Everything from the first line of the data through the line with "Pantalón de tiro" is to be echoed exactly, minus the pictures.

+++ Given data +++

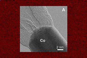 Légende photo : croissance d'un nanotube de carbone sur un cristal de cobalt, image réalisée avec le nouveau microscope électronique à transmission de l'IPCMS (crédit : IPCMS).
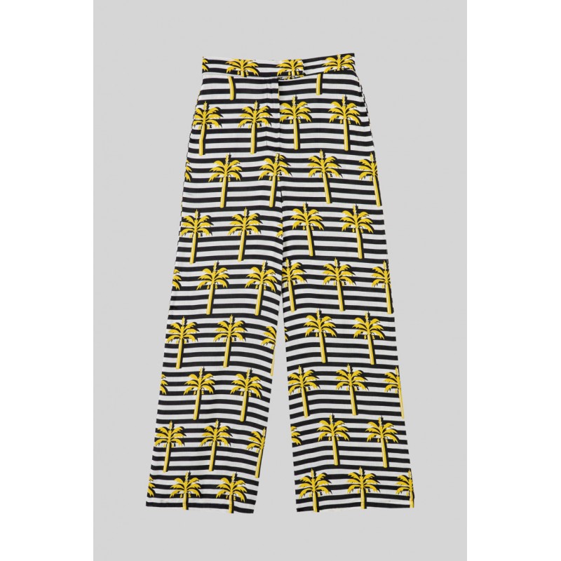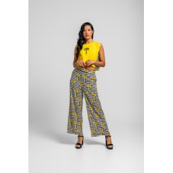 Pantalón de tiro alto con bolsillos delanteros, falsos bolsillos en espalda, pernera ancha y cierre frontal con cremallera, botón interior y gancho. - 100% Viscosa. - Lavar a máquina en agua fría en centrifugado corto. No usar blanqueador. No usar secadora. Secar colgado a la sombra. Planchado a temperatura baja, por debajo de 100 ºC. Planchar del revés. No dejar la plancha parada sobre la prenda. Lavar con colores similares.
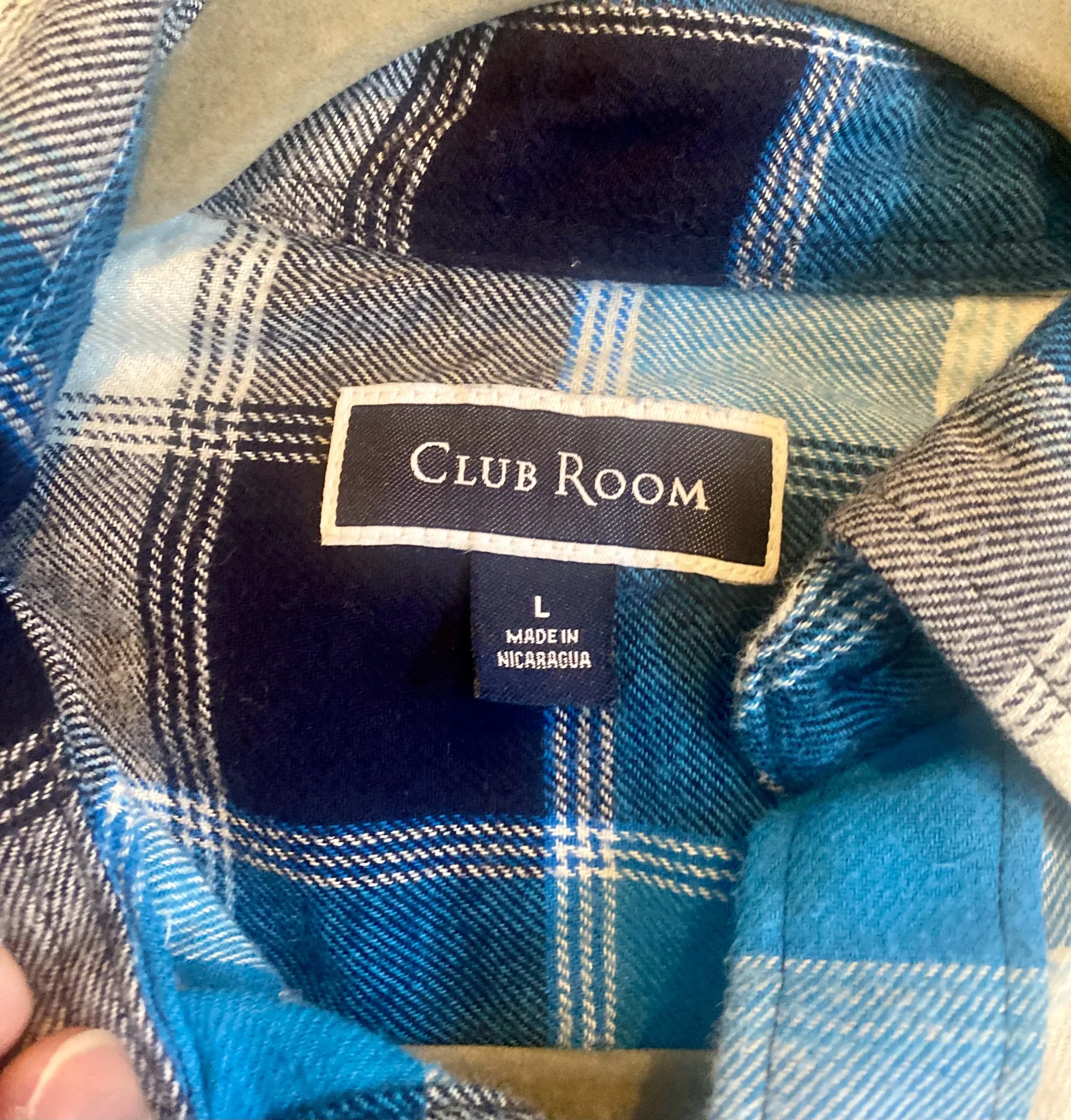I only use shirts and flannels that are thrifted. Shirt is ironed to flannel then sewn in place. Washed before sold. All items are One Of A Kind. Let me know if you are looking for a different size or color, I might have more shirts available to make you one similar.
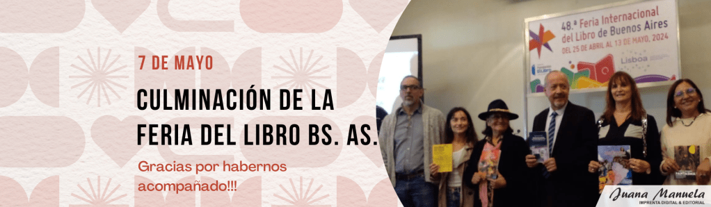 Juana Manuela Editorial agradece a todos aquellos que hicieron posible la participación en la Feria del Libro Buenos Aires 2024. A los autores, por su predisposición y compromiso; a los lectores, por el entusiasmo; y a los colaboradores, por brindar el apoyo invaluable para que se lleve a cabo el encuentro de manera exitosa.

+++

▶ _Answer area_:
 Légende photo : croissance d'un nanotube de carbone sur un cristal de cobalt, image réalisée avec le nouveau microscope électronique à transmission de l'IPCMS (crédit : IPCMS).
 Pantalón de tiro alto con bolsillos delanteros, falsos bolsillos en espalda, pernera ancha y cierre frontal con cremallera, botón interior y gancho. - 100% Viscosa. - Lavar a máquina en agua fría en centrifugado corto. No usar blanqueador. No usar secadora. Secar colgado a la sombra. Planchado a temperatura baja, por debajo de 100 ºC. Planchar del revés. No dejar la plancha parada sobre la prenda. Lavar con colores similares.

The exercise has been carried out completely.